Сведений о состоянии здоровья и смертности среди данной когорты детей практически нет [17, 19]. Мониторинг за беспризорными и безнадзорными детьми, поступившими в медицинские учреждения г. Москвы, показал, что у 58,2 % из них были выявлены социально опасные и социально значимые болезни, 11 % страдают различными психическими расстройствами, 6 % регулярно употребляют алкоголь, наркотические и психоактивные вещества [1].

В России, как и в большинстве развитых стран мира, одним из значимых индикаторов социально-экономической ситуации является уровень потребления алкоголя, наркотических средств и психоактивных веществ (ПАВ), а также распространенности таких социально-значимых заболеваний, как алкоголизм, нарко– и токсикомании. За период 1996–2006 гг. количество официально зарегистрированных случаев наркомании среди детей в возрасте 15–17 лет увеличилось в 1,2 раза, токсикомании – в 2,3 раза, алкоголизма – в 2,4 раза [26].

По данным государственной статистики, количество подростков, больных наркологическими расстройствами, последние годы колеблется в пределах 12,6–12,7 тыс. человек, т. е. около 1,8 % от численности подросткового населения. Показатель распространенности данных расстройств составляет более 1890 на 100 тыс. детей в возрасте 15–17 лет. При этом на потребителей алкоголя пришлось 75 %, наркотиков – 9,6 %, ненаркотических ПАВ – 15,4 %. Среди них удельный вес больных с синдромом зависимости (алкоголизм, наркомания, токсикомания) составил 7,1 % [26].

Высокая смертность, выраженная социальная дезадаптация, криминализация, поражение ВИЧ-инфекцией и другими опасными заболеваниями – вот далеко не полный перечень последствий наркоманий, токсикомании и алкоголизма [10]. Официальные данные свидетельствуют о том, что смертность подростков в 5–6 % случаев связана с острым отравление наркотиками и алкоголем [26].

Суицидальное поведение подростков стало весьма актуальной проблемой в экономически развитых странах. Во многих европейских странах самоубийства подростков занимают 2–3‑е место среди всех причин смерти в этом возрасте.
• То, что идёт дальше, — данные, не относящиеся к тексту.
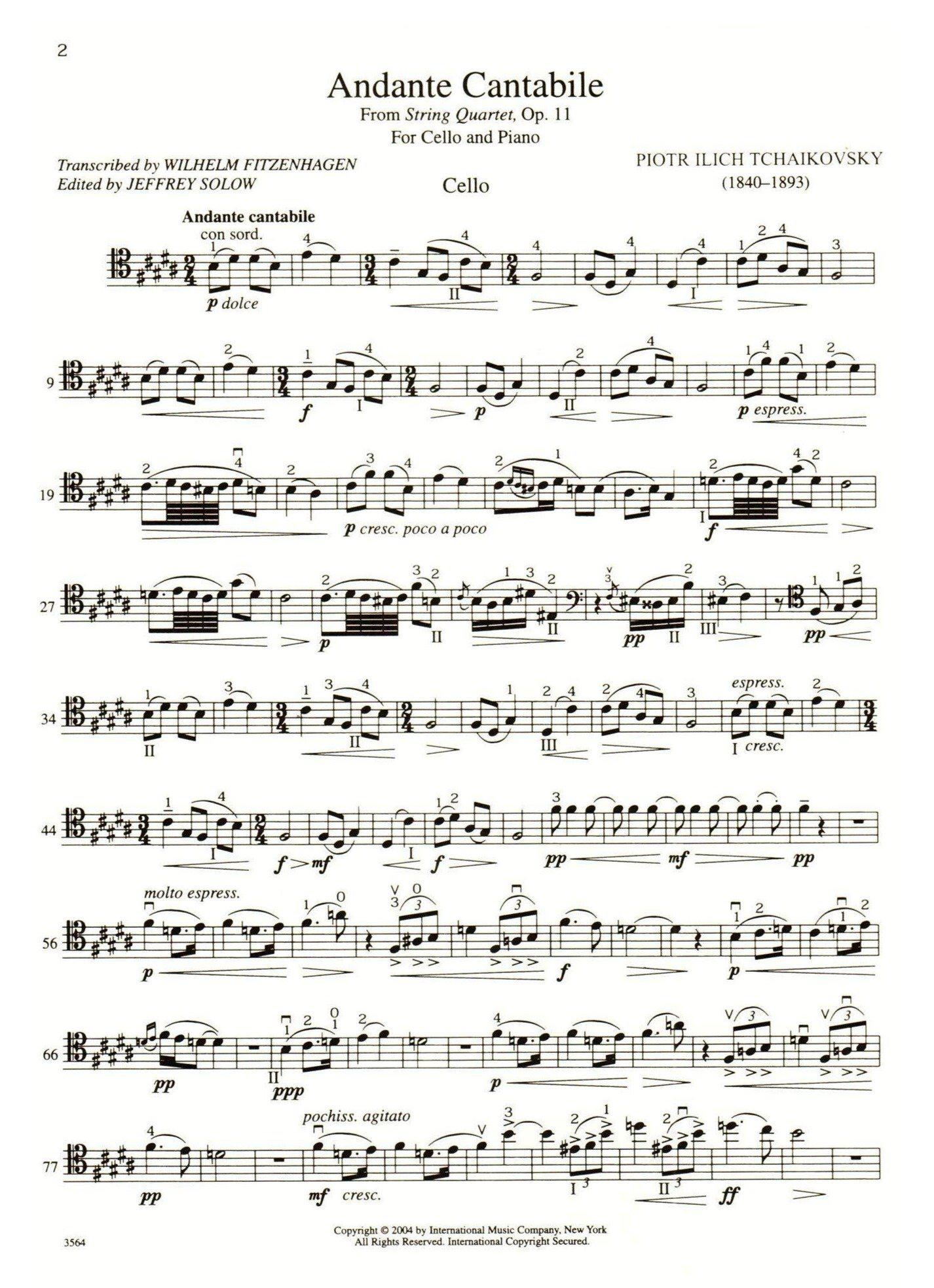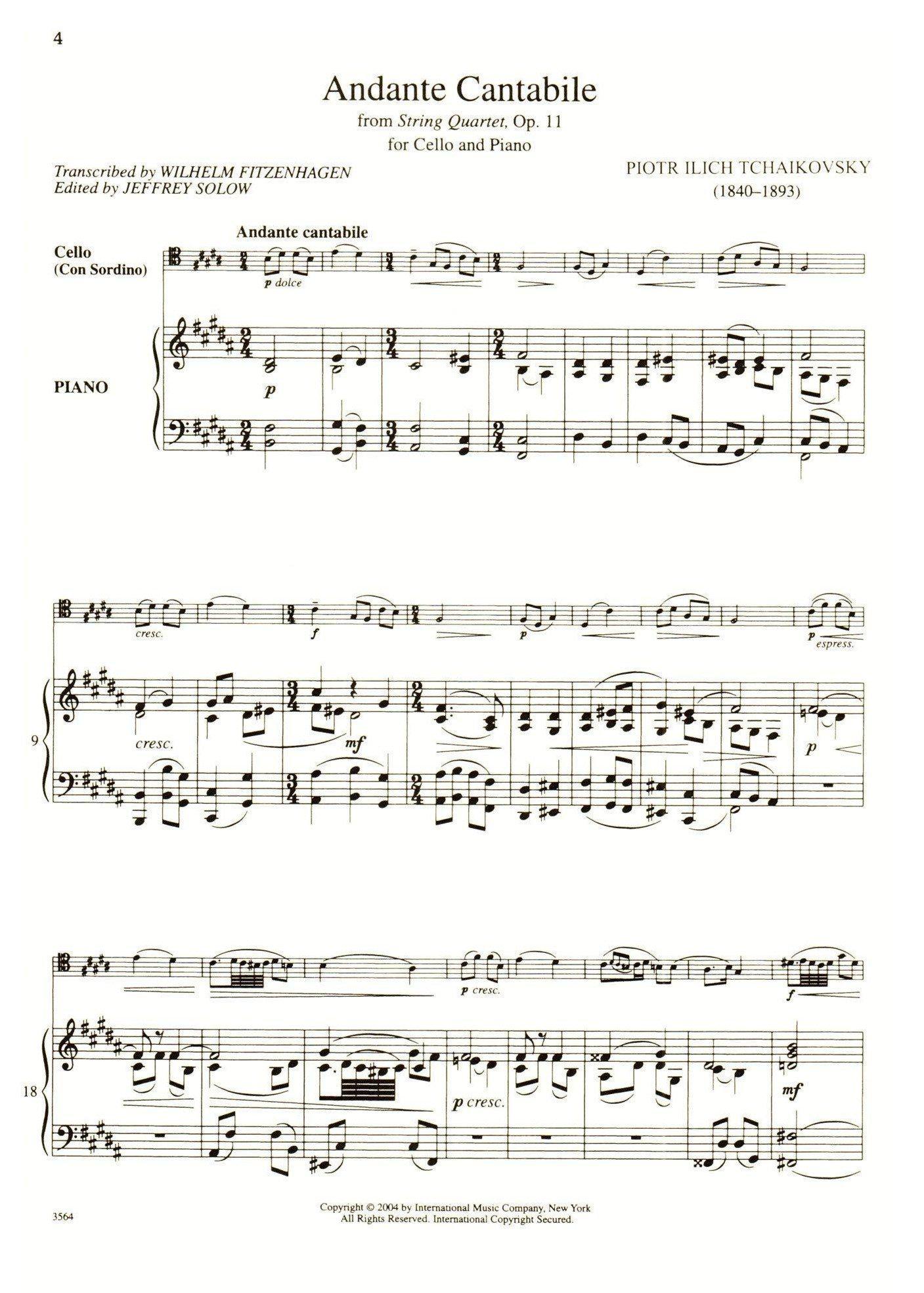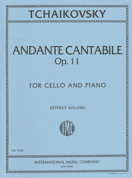 Andante Cantabile is the famous second movement from Tchaikovsky's String Quartet Number 1, Opus 11.  Known for it's beautiful lyricism, the movement translates very well to the cello with piano accompaniment.Published by International Music Company.

Россия входит в число государств с наиболее неблагоприятной суицидальной обстановкой.

Причины подростковых самоубийств – это прежде всего конфликты с окружающими [13]. Анализ материалов уголовных дел и проверок обстоятельств причин самоубийств несовершеннолетних, проведенный Генеральной прокуратурой России, показывает, что 62 % всех самоубийств несовершеннолетних связано семейными конфликтами и неблагополучием, боязнью насилия со стороны взрослых, бестактным поведением отдельных педагогов, конфликтами с учителями, одноклассниками, друзьями, черствостью и безразличием окружающих.

Дорожно-транспортный травматизм является второй по масштабам причиной смерти детей и молодежи в возрасте от 5 до 25 лет в мире [4].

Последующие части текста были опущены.